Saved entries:
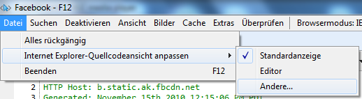 Im Developer Menu File kann auch ein alternativer Texteditor, wie z.B. Visual Studio, eingestellt werden um den Seitenquelltext darzustellen:
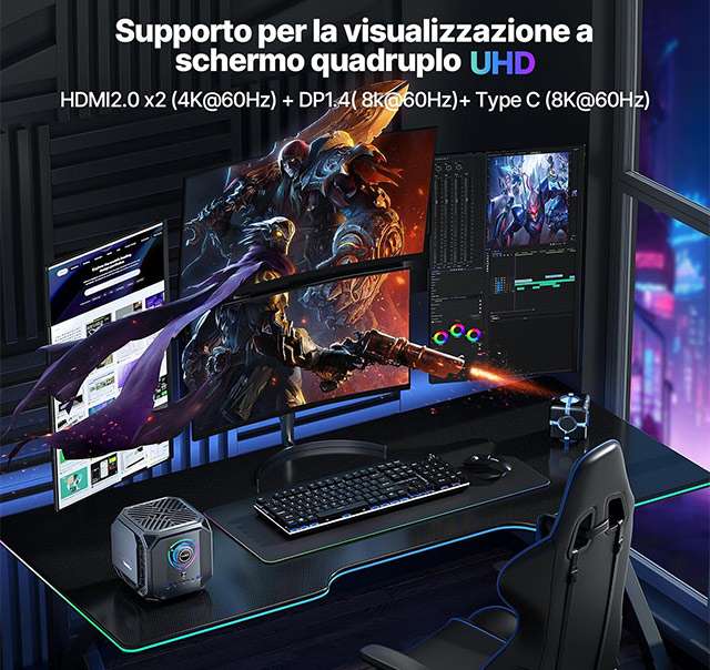 Il tutto è contenuto in un case dal design unico con sistema di illuminazione RGB e ventole per una dissipazione efficace. Devi solo attivare il coupon e ACEMAGIC TANK 03 sarà sulla tua scrivania entro pochi giorni.
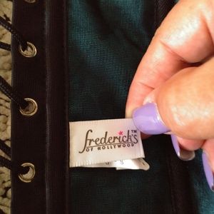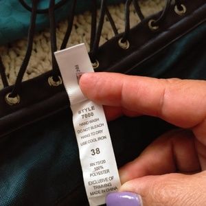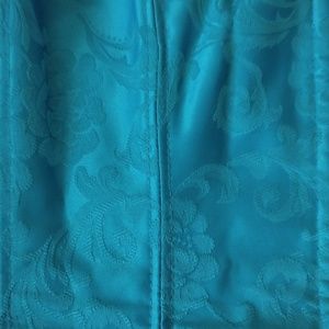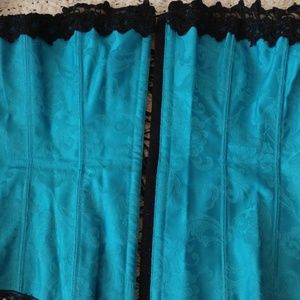Strapless teal blue corset Trend with black lace on top black trim on bottom. Bronx close in the front from top to bottom. Embroidered floral prints ties in the back. Plastic boning inserts. Size 38
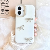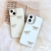 ホワイトグリッターリボンiPhoneケース
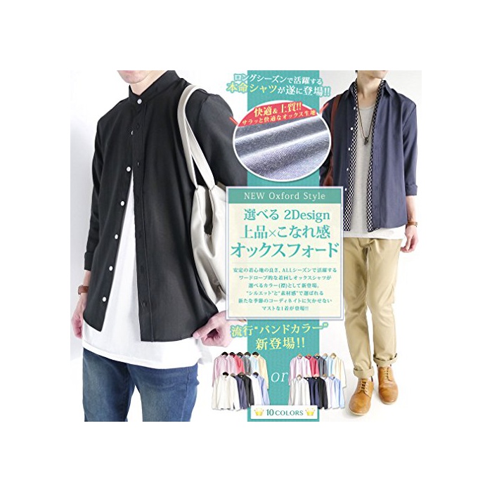 원본상품명: (モノマト) MONO-MART オックスフォド シャツ バンドカラ 長袖 着心地 ビジネス 快適 メンズ
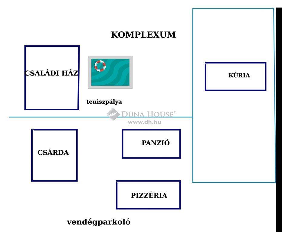 A Balatontól 5 perc autóútnyira, a Felvidék egyik legcsodálatosabb részén található az általam eladásra kínált rendezvénykomplexum.A sokféle hasznosításra kialakítható épületegyüttes az alábbi ingatlanokat foglalja magában:Egyszintes családi ház nettó 230 nm-en 4 apartmannal (szoba+fürdő), medencével, teniszpályával zárt udvarral, dupla-garázzsal. Fűtése elektromos padlófűtéssel és cserépkályhával megoldott.90%-os készültségben lévő panzió, melyben 22 db (szoba+fürdő) kerül kialakításra. Fűtése hőszivattyúval megoldott.80 nm pizzéria/étterem, melyben 2 tetőtéri apartman (nappali + 2 háló + fürdő) is található. Csárda-étterem mely összesen 500 nm-es (200 nm-es vendégtér, 200 nm konyha és 100 nm 3 szobás szolgálati lakás). Rendelkezésre áll 50 kWa napelemes rendszer és központi fűtés is. Fentiekhez tartozik egy 500 nm-es murvás parkoló is, mely kb. 120 gépkocsi elhelyezésére alkalmas.A komplexum jelenlegi tulajdonosa vállalja az épületek befejezését, akár üzemeltetését, vagy csak egy részének eladását is.Fentieken kívül egy kúria is eladó, mely rendezvényhelyszínként is szolgálhat. Ennek ára külön megállapodás részét képezni, az ajánlott vételár nem tartalmazza.Kérdés esetén kérem, keressen.
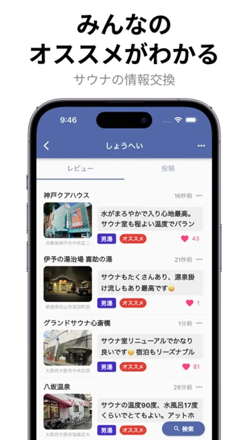 投稿に対して「いいね」「コメント」することができ、そのコメントに対して返信もできます。コメントをするとサウナー同士のつながりが増え、交流が深まります。ぜひアプリで新しいサフレ(サウナー友達・サウナフレンド)を見つけましょう!
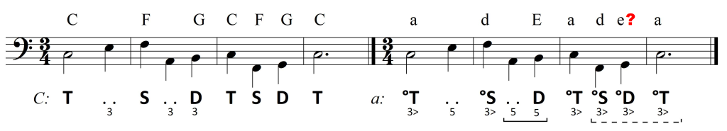 Wykorzystując zaledwie trójdźwięki triady harmonicznej, otrzymamy znaną już wersję. Zaś próba opracowania w trybie minorowym nie da satysfakcjonujących rezultatów. Otrzymamy zabronione w myśl klasycznych reguł łączenie dwóch trójdźwięków w II przewrocie, a także finalną kadencję opartą na akordach w przewrotach oraz pozbawioną dźwięku prowadzącego. I chociaż teoretycznie da się popełnić takie opracowanie, nie ma ono nic wspólnego ze sztuką muzyczną:
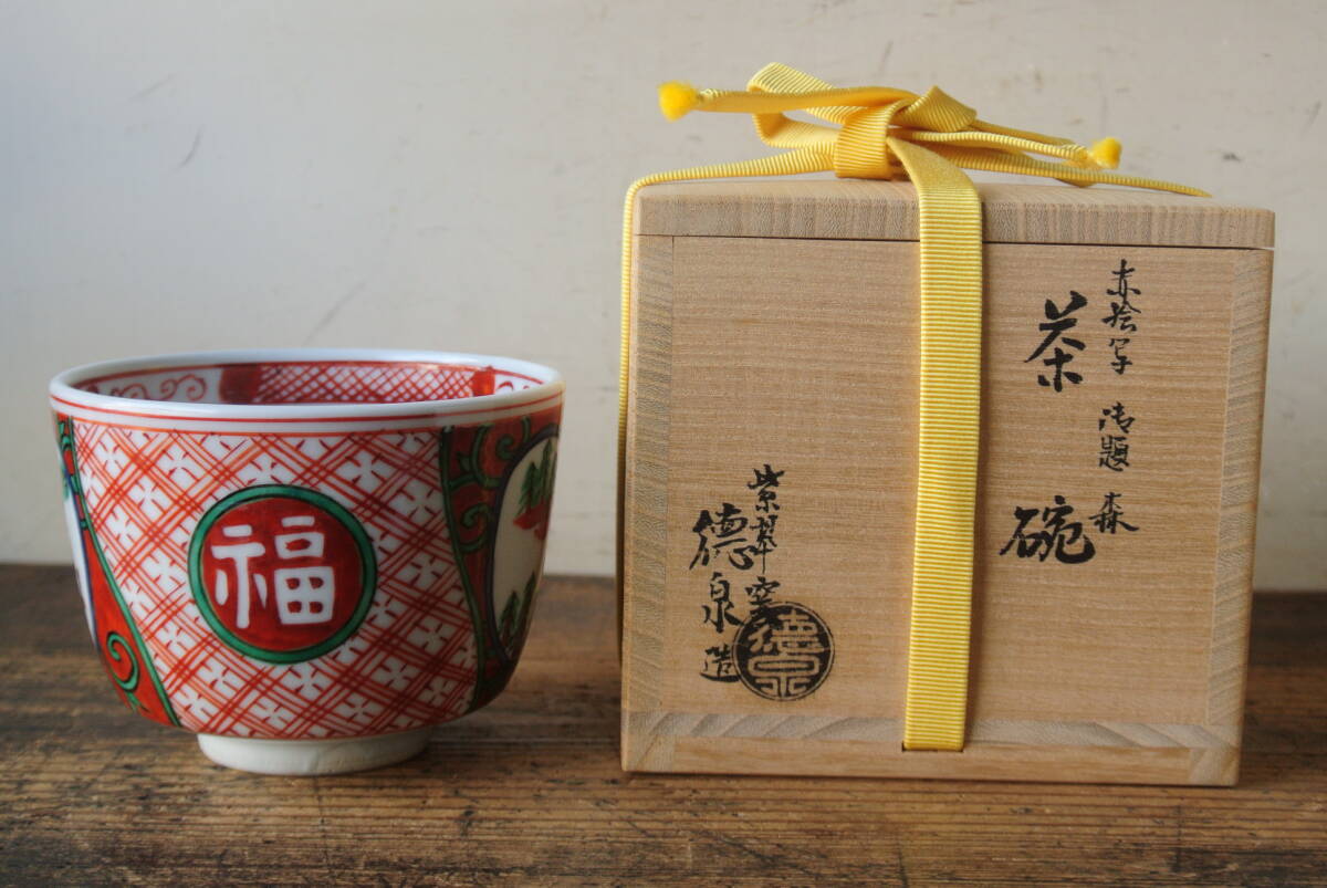 紫翠窯 三代西村徳泉造 赤絵写 御題 森 茶碗 栞 共布 共箱です。
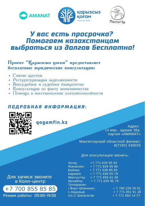 ✅ Біз сізге қарызды реттеуге және қаржылық қиындықтан шығуға ТЕГІН Заңгер көмегін ұсынамыз.

● **Activity**:
All records must be output exactly as they are, except for the pictures, which are left out.

● **Answer section**:
 Im Developer Menu File kann auch ein alternativer Texteditor, wie z.B. Visual Studio, eingestellt werden um den Seitenquelltext darzustellen:
 Il tutto è contenuto in un case dal design unico con sistema di illuminazione RGB e ventole per una dissipazione efficace. Devi solo attivare il coupon e ACEMAGIC TANK 03 sarà sulla tua scrivania entro pochi giorni.
Strapless teal blue corset Trend with black lace on top black trim on bottom. Bronx close in the front from top to bottom. Embroidered floral prints ties in the back. Plastic boning inserts. Size 38
 ホワイトグリッターリボンiPhoneケース
 원본상품명: (モノマト) MONO-MART オックスフォド シャツ バンドカラ 長袖 着心地 ビジネス 快適 メンズ
 A Balatontól 5 perc autóútnyira, a Felvidék egyik legcsodálatosabb részén található az általam eladásra kínált rendezvénykomplexum.A sokféle hasznosításra kialakítható épületegyüttes az alábbi ingatlanokat foglalja magában:Egyszintes családi ház nettó 230 nm-en 4 apartmannal (szoba+fürdő), medencével, teniszpályával zárt udvarral, dupla-garázzsal. Fűtése elektromos padlófűtéssel és cserépkályhával megoldott.90%-os készültségben lévő panzió, melyben 22 db (szoba+fürdő) kerül kialakításra. Fűtése hőszivattyúval megoldott.80 nm pizzéria/étterem, melyben 2 tetőtéri apartman (nappali + 2 háló + fürdő) is található. Csárda-étterem mely összesen 500 nm-es (200 nm-es vendégtér, 200 nm konyha és 100 nm 3 szobás szolgálati lakás). Rendelkezésre áll 50 kWa napelemes rendszer és központi fűtés is. Fentiekhez tartozik egy 500 nm-es murvás parkoló is, mely kb. 120 gépkocsi elhelyezésére alkalmas.A komplexum jelenlegi tulajdonosa vállalja az épületek befejezését, akár üzemeltetését, vagy csak egy részének eladását is.Fentieken kívül egy kúria is eladó, mely rendezvényhelyszínként is szolgálhat. Ennek ára külön megállapodás részét képezni, az ajánlott vételár nem tartalmazza.Kérdés esetén kérem, keressen.
 投稿に対して「いいね」「コメント」することができ、そのコメントに対して返信もできます。コメントをするとサウナー同士のつながりが増え、交流が深まります。ぜひアプリで新しいサフレ(サウナー友達・サウナフレンド)を見つけましょう!
 Wykorzystując zaledwie trójdźwięki triady harmonicznej, otrzymamy znaną już wersję. Zaś próba opracowania w trybie minorowym nie da satysfakcjonujących rezultatów. Otrzymamy zabronione w myśl klasycznych reguł łączenie dwóch trójdźwięków w II przewrocie, a także finalną kadencję opartą na akordach w przewrotach oraz pozbawioną dźwięku prowadzącego. I chociaż teoretycznie da się popełnić takie opracowanie, nie ma ono nic wspólnego ze sztuką muzyczną:
 紫翠窯 三代西村徳泉造 赤絵写 御題 森 茶碗 栞 共布 共箱です。
 ✅ Біз сізге қарызды реттеуге және қаржылық қиындықтан шығуға ТЕГІН Заңгер көмегін ұсынамыз.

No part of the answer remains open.